Can the sum of a row of many victories over many years be defeat?General Löwenhielm in Gabriel Axel’s Babette’s Feast

New customers! More revenue! Huge ROI!

Immediate, positive results are attractive and addictive. It’s easy to understand why: People get praise from their bosses. The current market rewards quarterly capitalism with most investments currently being held somewhere between four and eight months—a big change from the average holding of over eight years during the 1960s.1 And, many people’s jobs depend on these immediate results.

But, short term wins don’t necessarily translate into long-term company health. For example:

  • You may get a lot of new customers, but your product offerings and brand may not be able to support the new customers over the long-term.

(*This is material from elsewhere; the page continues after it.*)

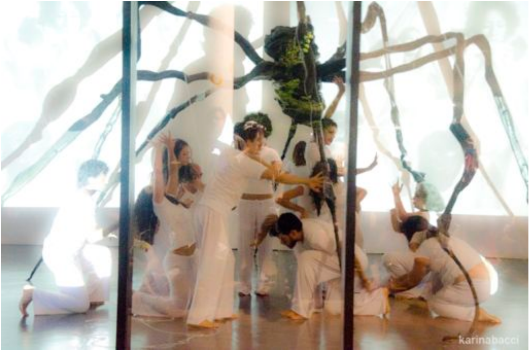
performance at the MAM Museum of Modern Art of Sao Paulo (April 2014)

In focusing on them, you may ignore your core customers, making it easy for other companies to entice them.
  • You may have increases in revenue, but it may not have increased in a way that is in line with the brand. Over the long term, the brand becomes diluted and affect long-term growth.
  • Your ROI may be large, but it may not be setting you up for the future. Instead, it may be taking advantage of the current situation and not the long-term. In the long-term, you may be at a disadvantage compared to competitors that invested in the long-term now.

And, the market can reward a long-term look: companies that promote the short-term in their quarterly reports are more likely to attract short-term investors and have higher risk, whereas companies that promote the long-term are more likely to attract long-term investors.2

Businesses should support initiatives that create long-term sustainability rather than rewarding short-term initiatives that may be profitable only as long as someone’s limited tenure. Any initiative that doesn’t push closer to the long-term vision should be discarded, no matter how attractive it is at the moment.

What you do today determines the type of business you can become tomorrow.

Are you doing something that isn’t contributing to the long-term vision of the business?


  1. Warren Fiske, “Mark Warner says average holding time for stocks has fallen to four months,”, 2016.
  2. Francois Brochet, Maria Loumioti, and George Serafeim, “Short-Termism, Investor Clientele, and Firm Risk,” Harvard Business School Working Knowledge, 2012.